* [Task description]
In the entries, find all lines that hold the word "This" and copy them.

(Source data begins)

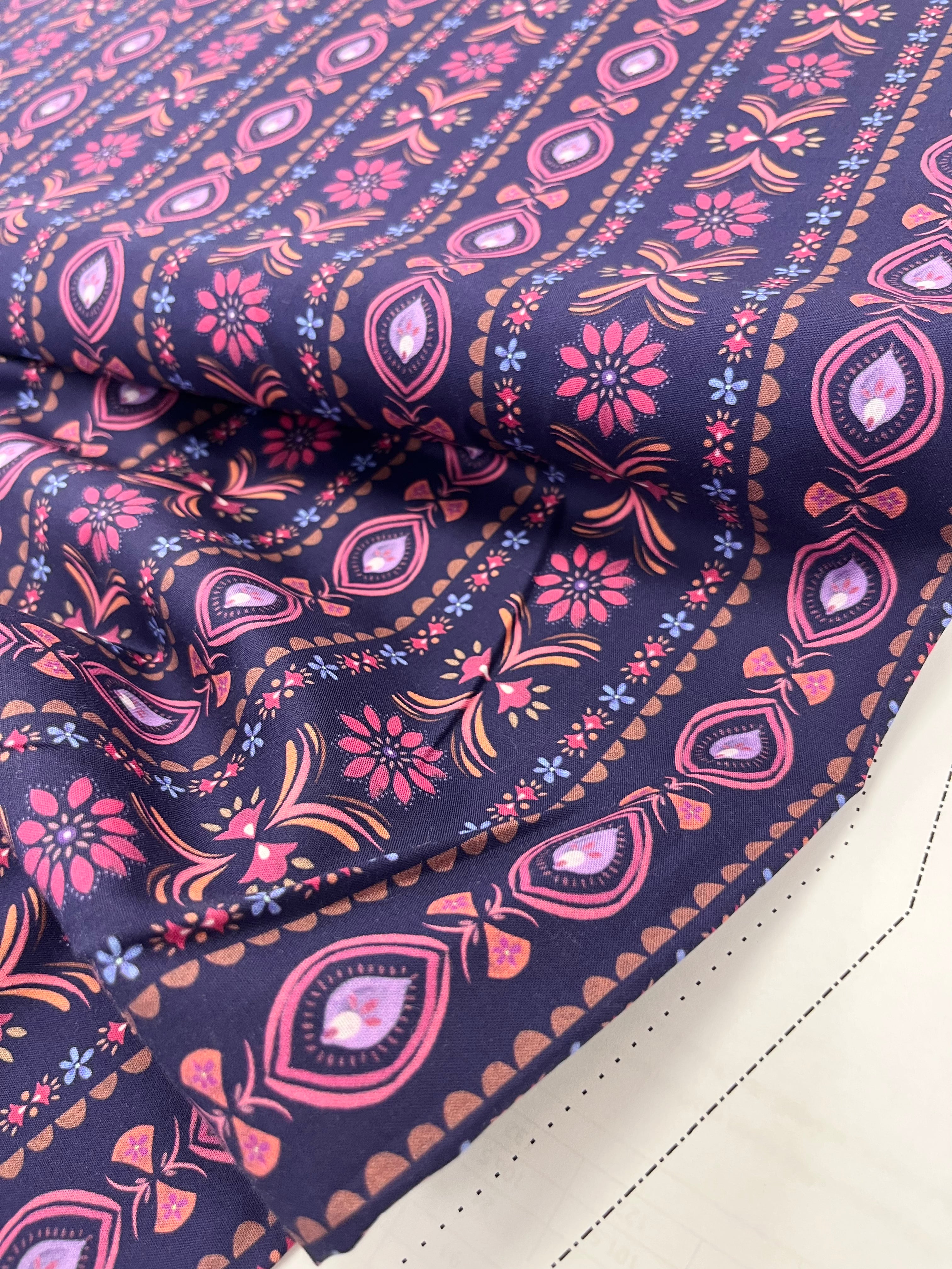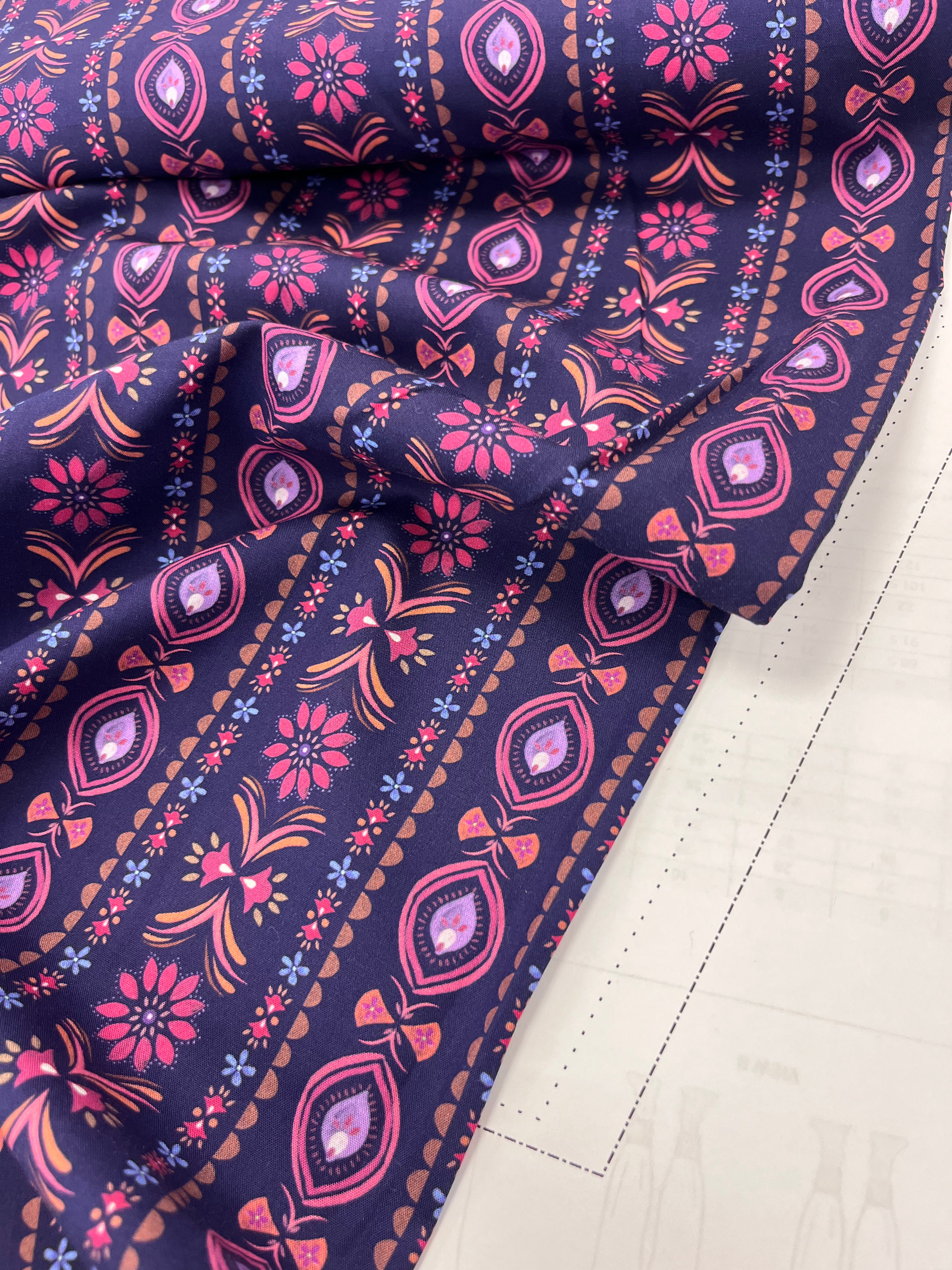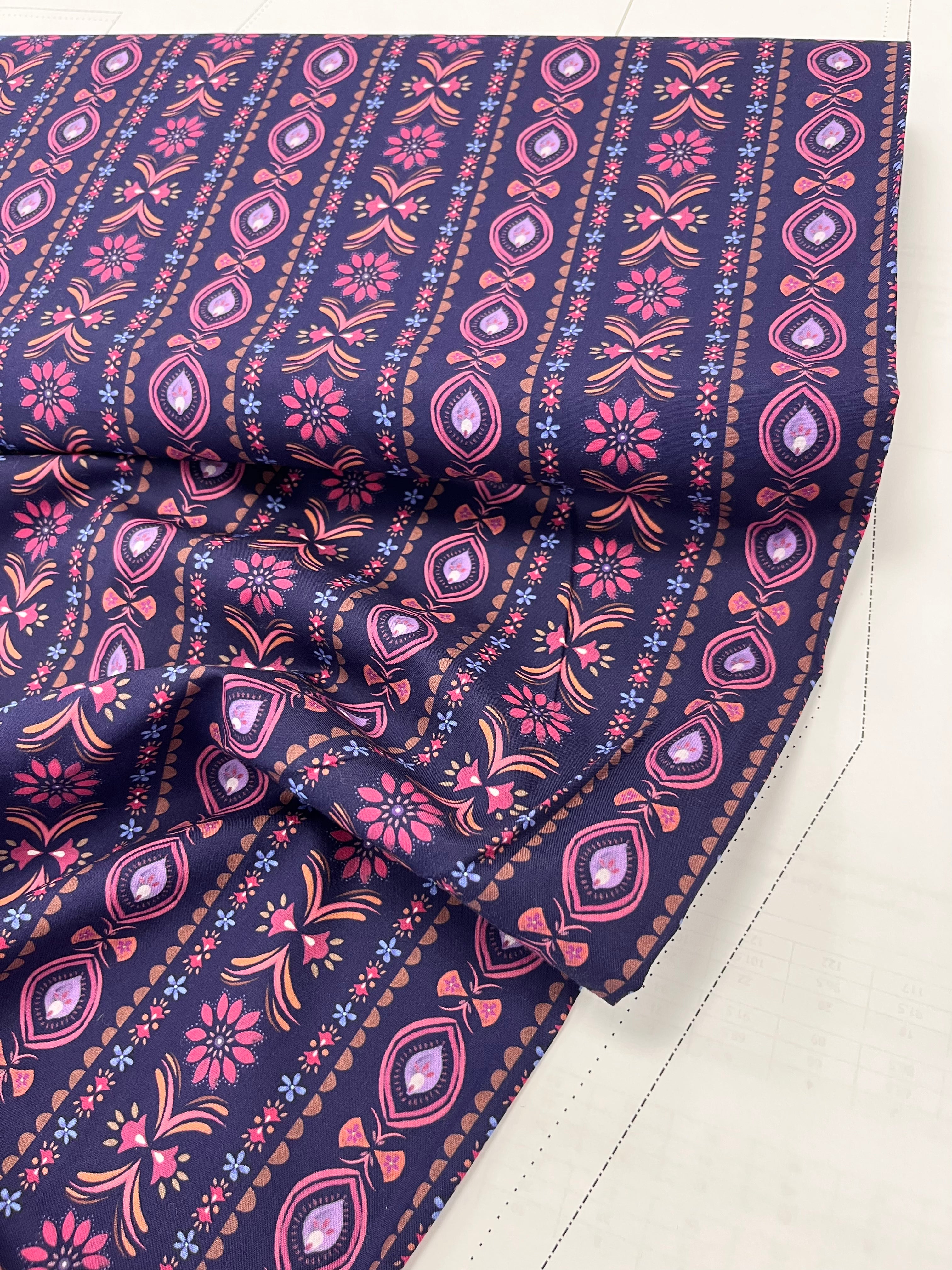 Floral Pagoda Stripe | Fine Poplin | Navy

(Source data ends)
(Source data begins)

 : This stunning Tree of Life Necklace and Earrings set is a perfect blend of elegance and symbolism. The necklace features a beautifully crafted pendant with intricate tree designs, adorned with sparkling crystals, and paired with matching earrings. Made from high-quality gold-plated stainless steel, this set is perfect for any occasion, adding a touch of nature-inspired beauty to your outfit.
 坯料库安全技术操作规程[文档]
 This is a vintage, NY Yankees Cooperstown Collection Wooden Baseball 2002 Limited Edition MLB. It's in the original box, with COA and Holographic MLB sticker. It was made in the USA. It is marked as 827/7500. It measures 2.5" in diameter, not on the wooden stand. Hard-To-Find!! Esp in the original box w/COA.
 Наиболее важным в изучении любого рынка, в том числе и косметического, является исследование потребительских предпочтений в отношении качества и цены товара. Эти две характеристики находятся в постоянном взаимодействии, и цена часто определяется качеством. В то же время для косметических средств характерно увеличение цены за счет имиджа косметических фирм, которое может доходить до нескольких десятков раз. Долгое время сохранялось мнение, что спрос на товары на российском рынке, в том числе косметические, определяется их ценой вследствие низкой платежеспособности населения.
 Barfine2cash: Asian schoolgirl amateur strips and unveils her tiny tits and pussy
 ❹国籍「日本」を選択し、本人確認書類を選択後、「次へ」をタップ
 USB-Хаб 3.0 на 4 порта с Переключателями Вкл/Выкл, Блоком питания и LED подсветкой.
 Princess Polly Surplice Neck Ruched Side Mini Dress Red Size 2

(Source data ends)

* [Problem solution]
 : This stunning Tree of Life Necklace and Earrings set is a perfect blend of elegance and symbolism. The necklace features a beautifully crafted pendant with intricate tree designs, adorned with sparkling crystals, and paired with matching earrings. Made from high-quality gold-plated stainless steel, this set is perfect for any occasion, adding a touch of nature-inspired beauty to your outfit.
 This is a vintage, NY Yankees Cooperstown Collection Wooden Baseball 2002 Limited Edition MLB. It's in the original box, with COA and Holographic MLB sticker. It was made in the USA. It is marked as 827/7500. It measures 2.5" in diameter, not on the wooden stand. Hard-To-Find!! Esp in the original box w/COA.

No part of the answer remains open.